Thursday, February 27, 2025

Ordinary People (1980)


I watched Ordinary People for the first time in four years. My reaction to it was different from last time. I had less sympathy for the rich people in it, not because they were rich but because the parents encouraged their sons to engage in dangerous but expensive hobbies, like sailing in a tiny sailboat. Even when one son dies in a boating accident, it didn't occur to them that it was a bad idea.

The surviving son blames himself for his brother's death and goes to a psychologist played by Judd Hirsch. The psychologist might have pointed out that his parents bought them the boat and didn't seem to have bothered with life jackets. 

In the Italian movie Son's Room (2001), an Italian psychologist's son dies in an accident. The father blames his patient. He was going to go jogging with his son that day but instead had to help a patient overcome his stagefright before a public speaking event. Since he wasn't going jogging, the son goes scuba diving with predictable results. 

This is what happens when rich people have "active lifestyles". 

I've written about this more than once, but I had a great uncle born in the 1880's. He was half Indian and had an uncanny ability to walk through the woods and find his way in total darkness. The trick is to look up at the stars. You can see where the trees are that way. But he had a terrible fear of going into the woods alone. 
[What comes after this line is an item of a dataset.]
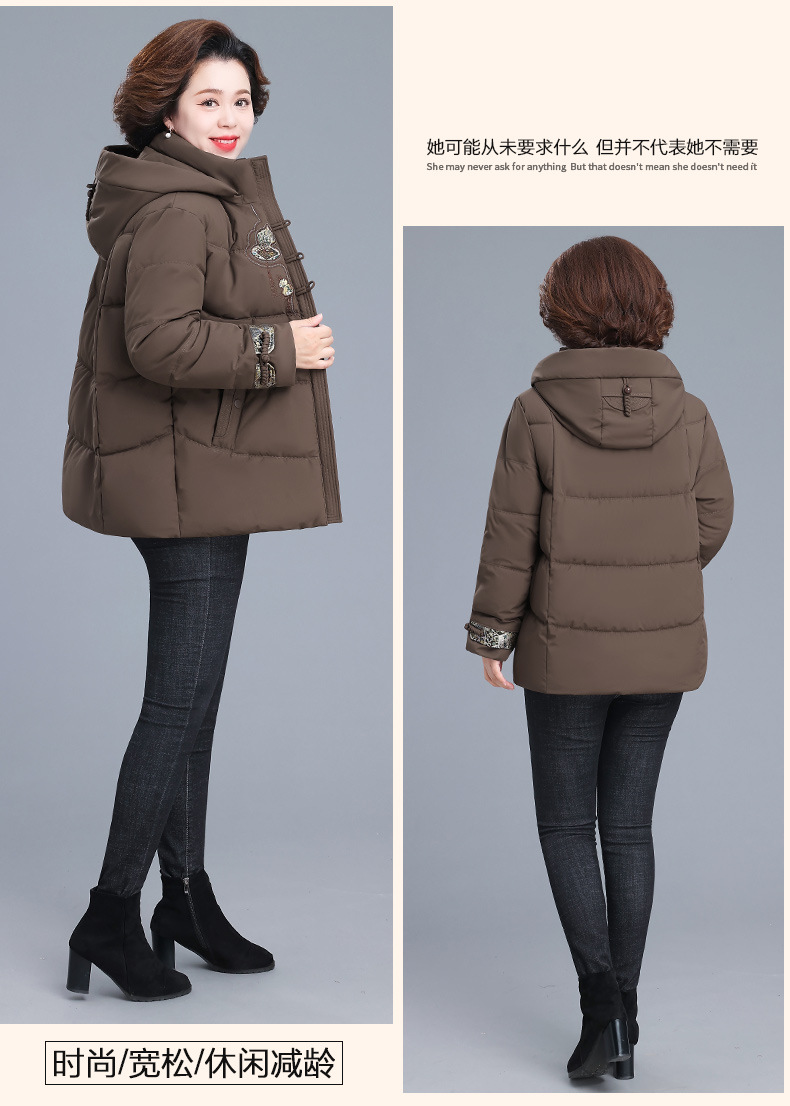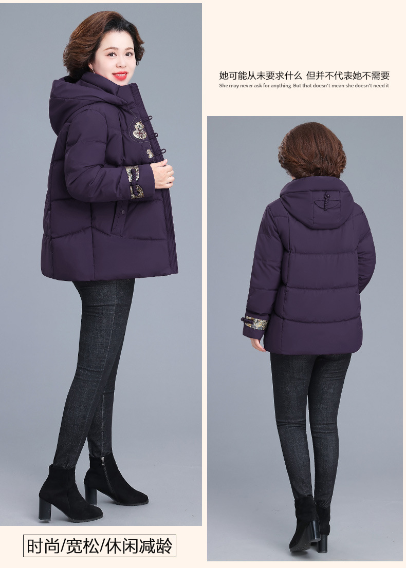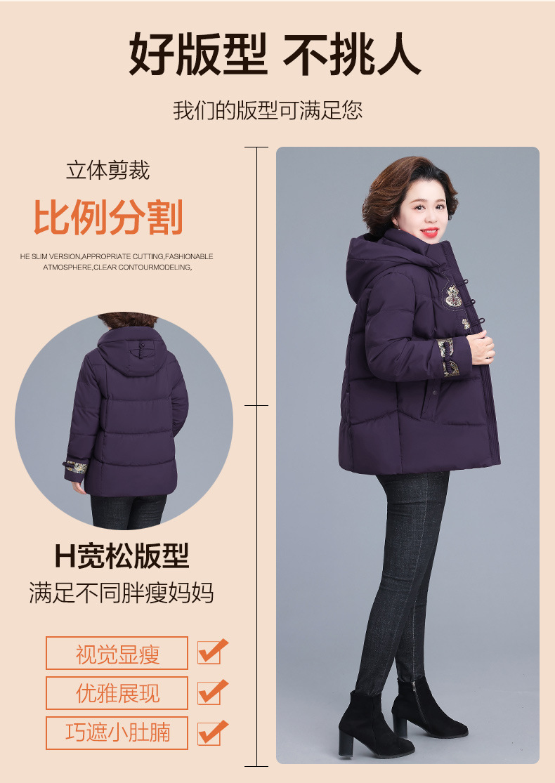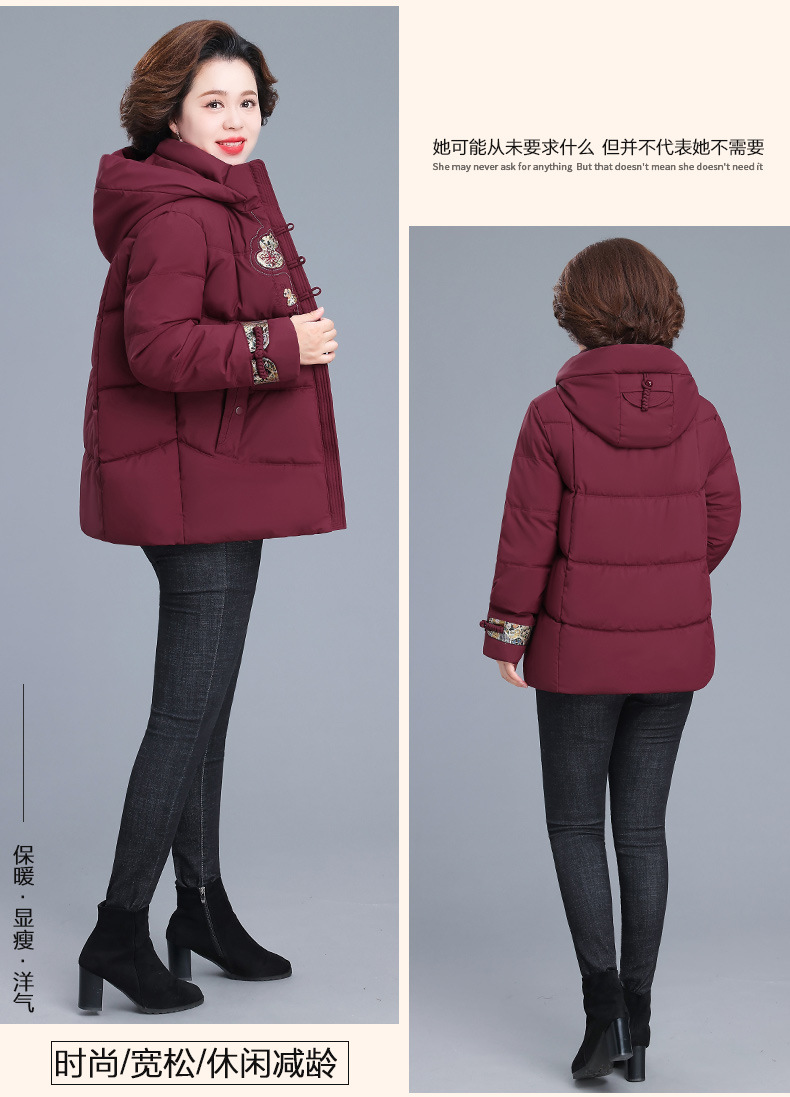 小柄な中年のお母さんの秋冬のコートの中高年の羽毛の綿服の女性の短いタイプの広い奥さんの冬は綿入れの上着を厚くします。

One of his sons was about 6o when he got a degree in anthropology. I was at his graduation party and he was talking with guests about Indian lore, like what parts of a human body are left after being eaten by a bear. Nature is horrible. Horrible. But you have these rich people who go out there like they own the place, oblivious to the dangers.

I don't like being anywhere that I can't get an ambulance.
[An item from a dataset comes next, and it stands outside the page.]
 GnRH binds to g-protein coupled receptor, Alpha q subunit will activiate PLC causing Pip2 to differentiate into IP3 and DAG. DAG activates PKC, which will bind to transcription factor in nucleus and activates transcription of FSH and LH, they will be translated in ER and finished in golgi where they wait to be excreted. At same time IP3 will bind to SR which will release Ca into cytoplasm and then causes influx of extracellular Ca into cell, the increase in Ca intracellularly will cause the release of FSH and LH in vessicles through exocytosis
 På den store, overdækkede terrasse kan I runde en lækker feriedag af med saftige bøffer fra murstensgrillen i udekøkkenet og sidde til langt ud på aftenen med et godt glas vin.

Saturday, February 22, 2025

Claude Jarman, Jr, (1934 - 2025)


I missed the news that Claude Jarman died January 12th at age 90.  When he was ten, a director visited his school in Nashville looking for a kid to star in The Yearling, spotted Claude in the hallway hanging drawings if I remember correctly, and POW! Instant movie star! It shows the advantage of being a child actor. You're competing with other children who have no more experience than you do. It's why I'm pro-child acting. He received a special Oscar for that performance. His last acting role was in the mini-series Centennial in 1978. I remember him among past Oscar winners in the 2003 Academy Awards.

Jarman later became executive director of the San Francisco Film Festival and was executive producer of rock concert documentary Fillmore (1972) and was manager of the San Francisco Opera House.
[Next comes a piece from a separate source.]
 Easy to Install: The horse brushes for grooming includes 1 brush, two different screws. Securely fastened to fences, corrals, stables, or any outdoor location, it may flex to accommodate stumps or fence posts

Wednesday, February 19, 2025

The Woodchipper Massacre (1988)


I was surprised to see this on Tubi. I had rented it somewhere long ago. Made for $400, but that was in 1988 so it was more like $1,000 today. It may have cost more than El Mariachi if you subtract the cost of film and processing for the that movie and adjust for inflation.

Shot on S-VHS.

Jim McBride's first movie. 

A father goes out of town and leaves his three children with an aged babysitter. The kids are 13 to 22. They accidentally kill the babysitter and dispose of her body in a woodchipper. Then her violent ex-convict son comes looking for her. Not much of a "massacre" really.

Picture quality isn't good. Sounds like they used the camcorder's built-in mic. The actors bellow out their lines. Maybe they were used to appearing on stage.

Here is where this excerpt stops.